From the Director (Fall 2019)

This article by Alexander Jones first appeared in ISAW Newsletter 25 (Fall 2019).

Five people stand talking in an ISAW gallery next to a carved stone object. Text on the wall behind them reads: "Precious Materials." Photo ©Kahn: Courtesy of NYU Photo Bureau It is often said that one difference between the natural sciences and the humanities is that the norm in the sciences is research by teams—recall the 2015 physics paper announcing an estimate of the Higgs boson’s mass that had 5,154 authors, the list of whose names accounted for a quarter of the page count—while the norm in the humanities is the lone researcher. At ISAW, however, you can find collaborations going on wherever you look, whether in our teaching, our research, our exhibitions, or our other public programming.
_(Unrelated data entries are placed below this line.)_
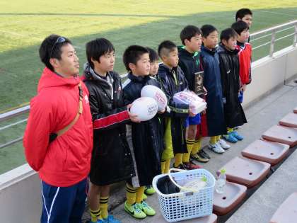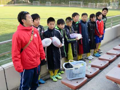 記念撮影の後,スタンドで応援のお礼を言いました。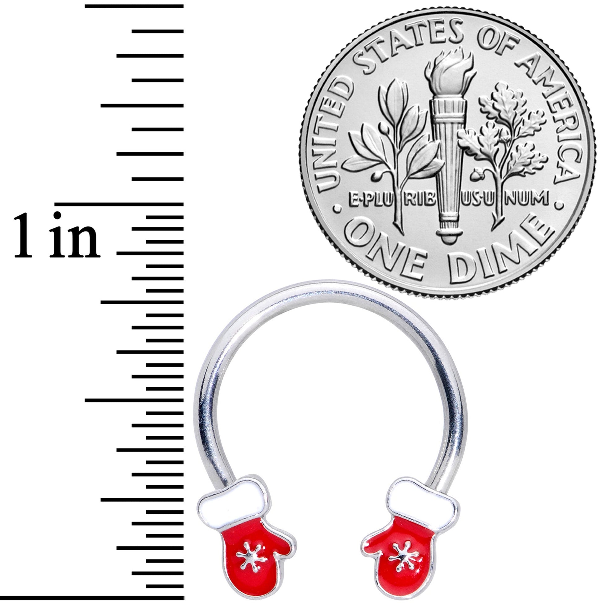 Ho, ho.....whoah! This 14 gauge nipple jewelry isn't just festive, it's also adorably whimsical! It's made with 14mm durable 316L surgical grade stainless steel circular barbells and features red and white mitten charms with pretty snowflakes that look just like Santa's! If you're feeling nice or just a little bit naughty, let Santa's mittens dangle from your nipple piercings with these fun, holiday nipple rings! Sold as a set of two.Specifications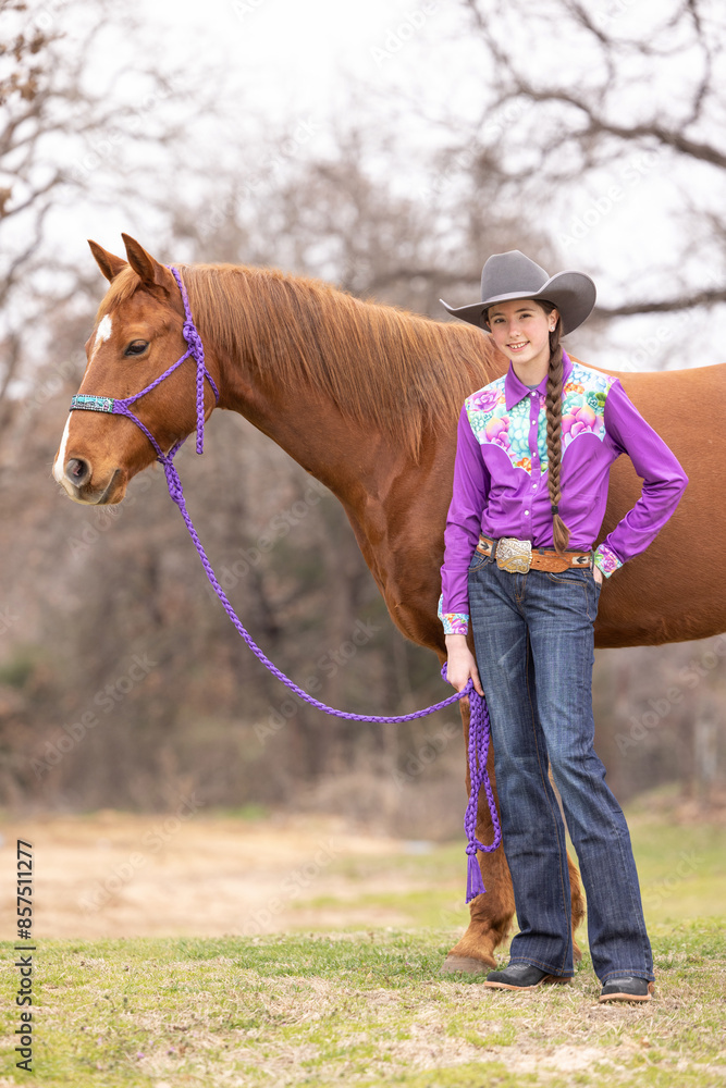 Barrel racer Cowgirl in purple shirt and hat with sorrel Quarter horse

This issue of the ISAW Newsletter highlights a variety of ways in which individuals within ISAW or partnerships involving ISAW and other parts of NYU or other institutions expand our resources for studying the ancient world.
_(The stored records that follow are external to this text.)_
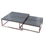 Dieses Raumwunder ist da genau die richtige Wahl. Der elegante Tisch besteht aus zwei Elementen, die besonders variabel miteinander fungieren. Die offene Tischbeinkonstruktion verleiht dem Couchtisch trotz seiner Größe einen filigranen Charakter und erlaubt das Ineinanderschieben der Tische. So bekommen Sie immer genau die Abstellfläche, die Sie gerade benötigen. Ob übereinander oder nebeneinander: Der Beistelltisch begeistert mit cleanem, modernem Design und intelligenter Funktionalität. Das matte Schwarz der Tischplatten harmoniert wunderbar mit dem kupferfarbenen Gestell und sorgt dafür, dass der Tisch modern und elegant zugleich wirkt. Somit lässt er sich vielfältig kombinieren und passt zu unterschiedlichen Wohnstilen. Unser Tipp: Auf dunklem Boden wirkt er besonders schön dabei ist das Material des Bodens unwichtig, der Tisch kann auf einem Teppich ebenso toll platziert werden wie auf hellem Holz oder Fliesen.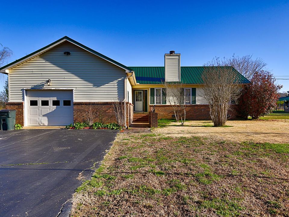 Great mini farm of 5 level acres w/ 28x40 shop including office area. Add your fencing and it's ready for livestock. The brick & vinyl home boasts 1690 SF, 3 BR/2 BA, spacious family room w/ laminate flooring & wood walls & ceiling, LR/DR combination w/ laminate flooring & gas log FP, master suite w/ laminate flooring & private bath w/ double vanities + laundry room w/ laminate flooring. Exterior features incl metal roof, 1-car attached garage & paved driveway + a cove shed large enough for RV.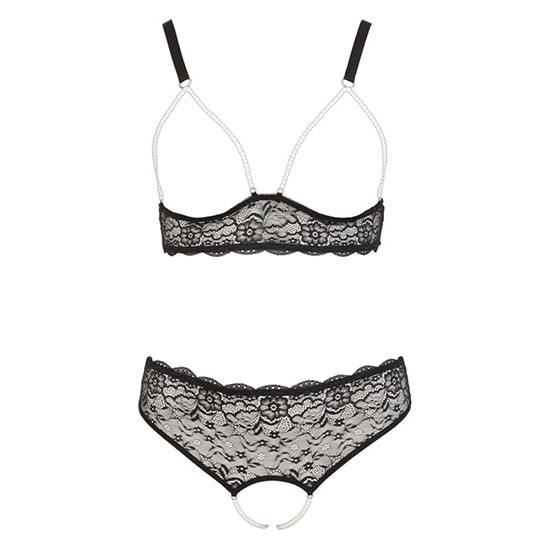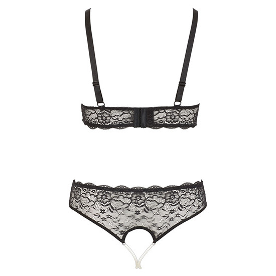 Delicado conjunto aberto em renda bordada floral preto combinada com pérolas da cor do marfim.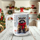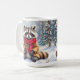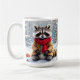 Uma xícara de café de Natal super fofa que tem uma ilustração do estilo aquarela ai de um guaxinim festivo sentado numa floresta de neve branca durante um dia de inverno com um pano de fundo de pinheiros decorados em férias.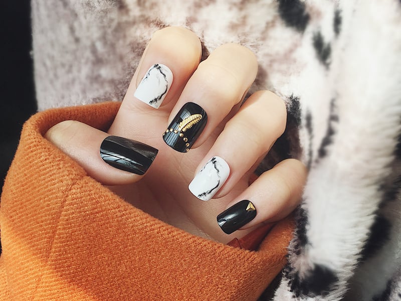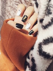 白黒にゴールドで羽のモチーフがついたネイルチップです✨
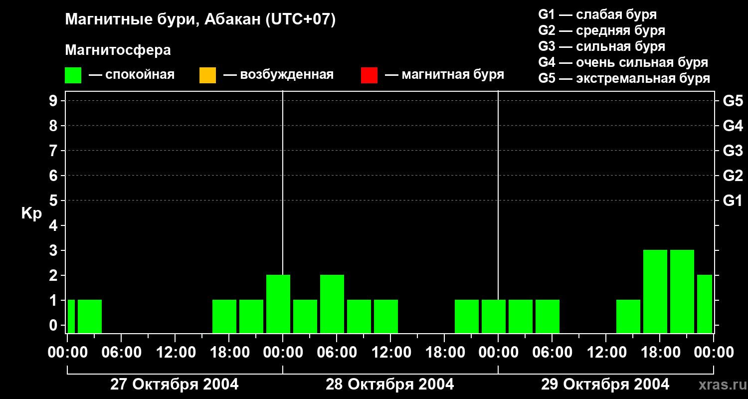 Изменения геомагнитного индекса Kp с 27 по 29 октября 2004 года для средних широт

Co-taught graduate classes such as the research seminar on “the Buddhist Millennium in Western Central Asia” (p. 10) are frequent occurrences in the curriculum, allowing the investigation of topics that fall partly within the expertise of two or more scholars. Our “core” Seminars in the Study of the Interconnected Ancient World, which are now a required component of the doctoral program, draw on a still wider range of ISAW faculty plus occasional colleagues to explore themes of interconnection and contrast spanning the full extensions of time and space that come within ISAW’s scope. Another mode of combining diverse strengths is when our students can work with our digital, library, and exhibitions departments; for one student’s hands-on experience as Exhibitions Assistant see p. 4.

Exciting things can happen when students form their own collaborations with other students, whether within our walls or linking institutions. Thus our recent conference “Scientific Traditions in the Ancient Mediterranean and Near East” (p. 14) was the fruit of an international research collaboration whose core is, unusually, composed not of more senior scholars but of doctoral students at ISAW, the University of Copenhagen, and Johns Hopkins who are all working on Egyptian medical and astral manuscripts. The success of this two-day event was an indication not only of these students’ already impressive learning, but also of their organizational talents.

Archeological excavations are quintessentially team exercises. On pages 10-11 you can read the latest news from the impressive 2019 summer season at Kınık Höyük, itself a collaborative project between ISAW and the University of Pavia, directed by ISAW’s Lorenzo d’Alfonso. The article highlights contributions by two of our students, an ISAW research associate, and our Emeritus Director and Professor Roger Bagnall. As you will see, their labors have not been strictly for the birds!